Bring warmth and comfort to your table this fall with this flavorful Maple Dijon Coho Salmon. The rich, buttery texture of wild-caught Coho pairs beautifully with a golden glaze of maple syrup and Dijon mustard, while the toasted walnuts add a satisfying crunch and depth of flavor.

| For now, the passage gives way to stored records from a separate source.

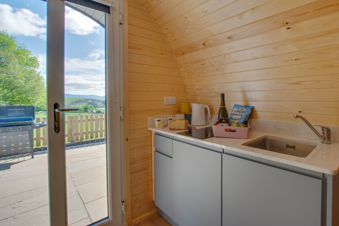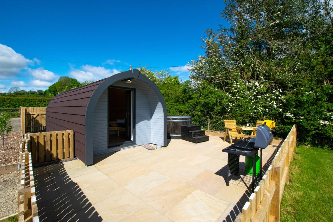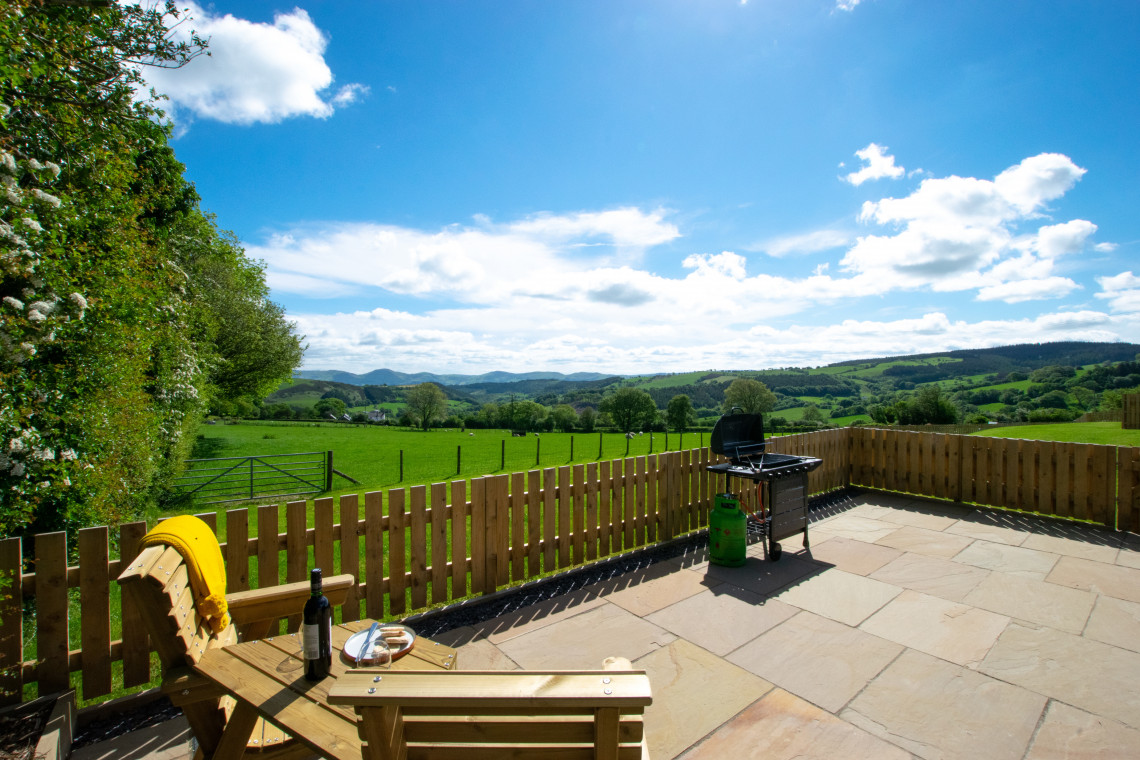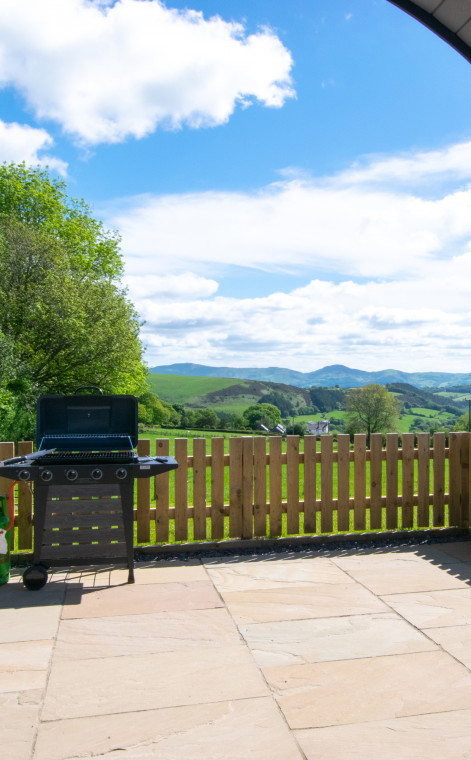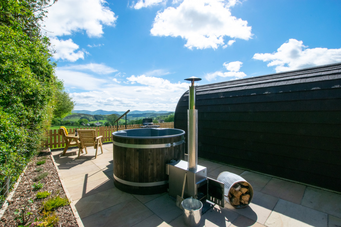 - Outside: Wood-fired hot tub and private courtyard with gas BBQ and locally made wooden seating. Uninterrupted views of Moel Famau, framed by rolling hills. Secure storage for each individual lodge. Large enough for 2 bicycles, fishing equipment, boots and hanging room for outdoor clothing.
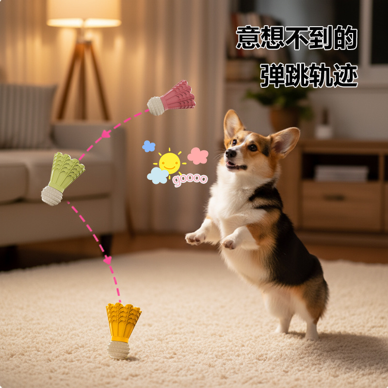 狗狗玩具漏食狗磨牙棒耐咬胶玩具羽毛球训练自嗨解闷跨境宠物用品
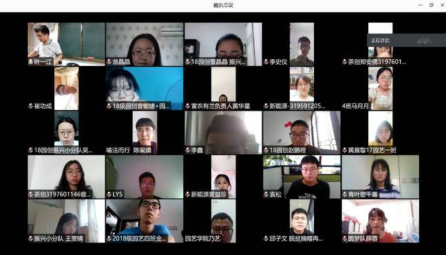 7月24日,园艺学院线上举办2020年暑期“三下乡”实践活动出征仪式暨安全教育大会,会议主题是“新时代、新担当、新作为”——“小我融入大我,脱贫攻坚勇担当”,院党委副书记周娟娟、指导老师马翠兰、方庭和辅导员在院办二楼会议室召开会议, 15支社会实践队(其中校级立项10支)135名学生线上共同参与,院团员青年工作联络员叶一江主持会议。
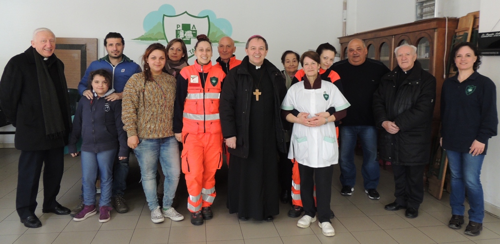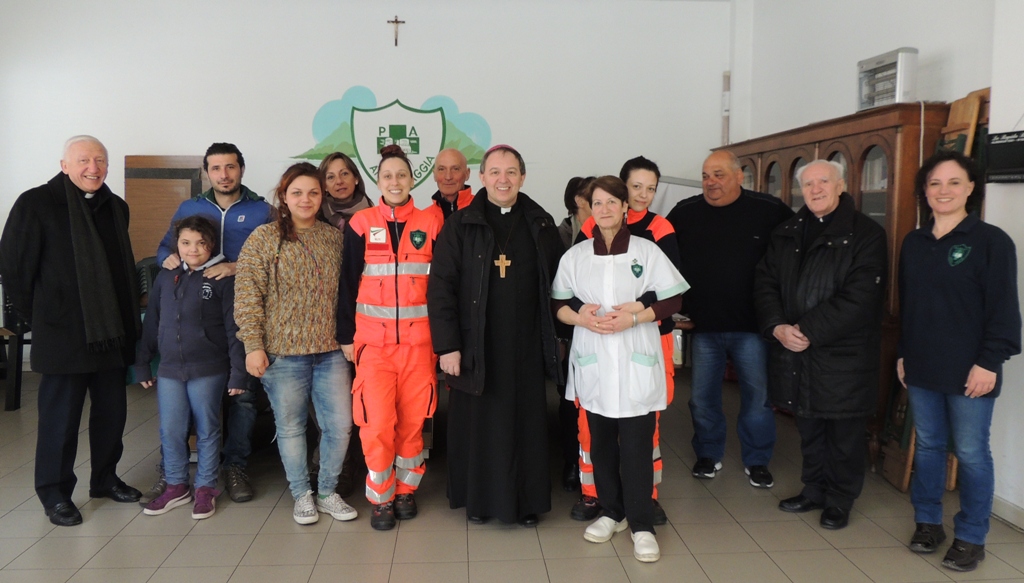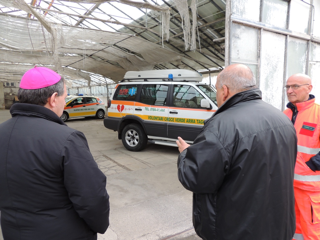 Monsignor Antonio Suetta, Vescovo della Diocesi Ventimiglia-Sanremo, nel corso della visita pastorale, che proseguirà fino a domenica sul territorio comunale, ha incontrato in mattinata, i militi della Croce Verde Arma Taggia.
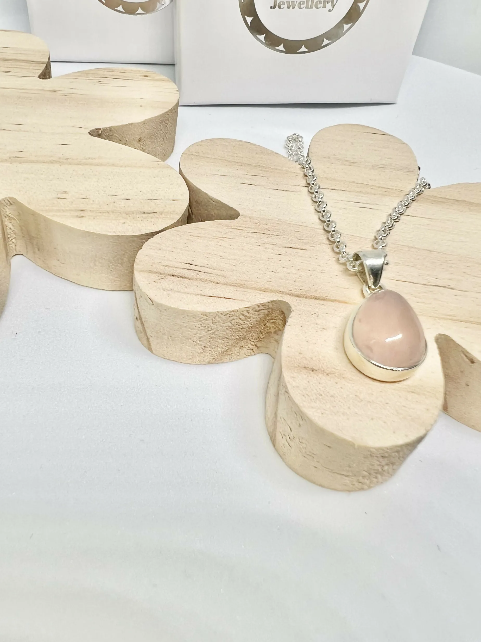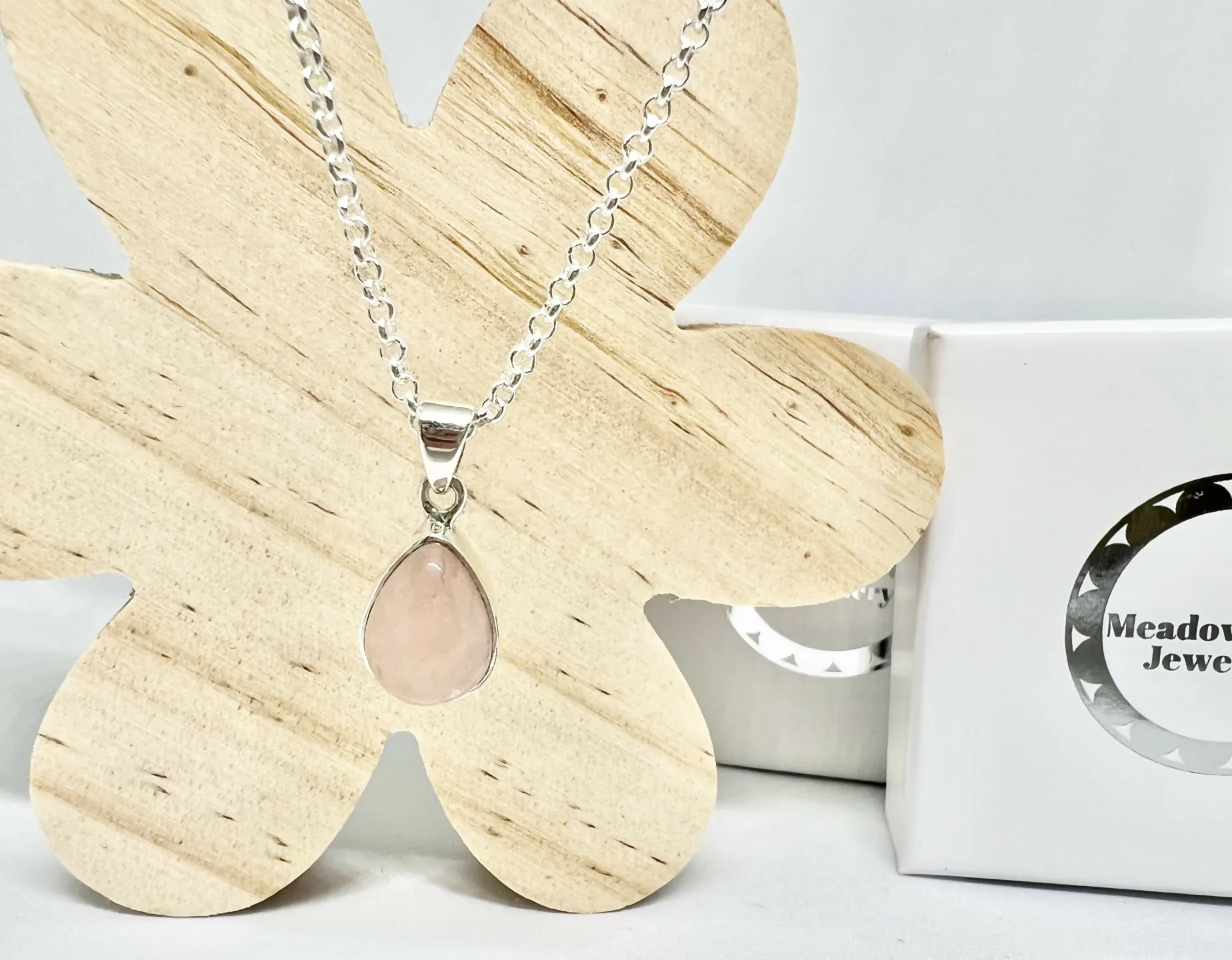 Rose Quartz teardrop necklace on an 18” sterling silver chain
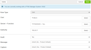 If you are using Central Administration to manage multiple systems, note that the default *PUBLIC rules cannot be copied to Endpoints. Each default *PUBLIC Rule will need to be changed to *REJECT manually for all Endpoints individually.

Whether served over roasted root vegetables, wild rice, or a crisp fall salad, this recipe is the perfect way to celebrate cooler days and nourishing meals made from the heart.

  • Cook Time: 8 mins

Ingredients

Instructions

Ingredients

  • 4 Portions Wild for Salmon Coho Salmon
  • 2 Tbs Dijon Mustard
  • 3 Tsp Maple
  • ⅔ Cup Walnuts
  • 2 Tbs Parsely
  • 1 Tbs Thyme
  • Salt and Pepper, to taste
  • Olive Oil, to grease pan

Instructions

  1. Preheat oven to 400.
  2. Mix the dijon mustard and maple syrup together in a small bowl and put aside.
  3. Rough chop parsley, thyme, and walnuts (Leaving some of the walnuts bigger in size). Combine them in the same bowl.
  4. Remove the coho from the package and place in an oiled baking dish. Salt, pepper salmon and evenly put the maple dijon mixture on top. Sprinkle the herb and walnut mixture on top.
  5. Cook at 400 for 5 minutes, turn the oven to broil and cook just long enough to toast the walnuts (should be an additional 1-2 minutes), watch carefully!
  6. Enjoy!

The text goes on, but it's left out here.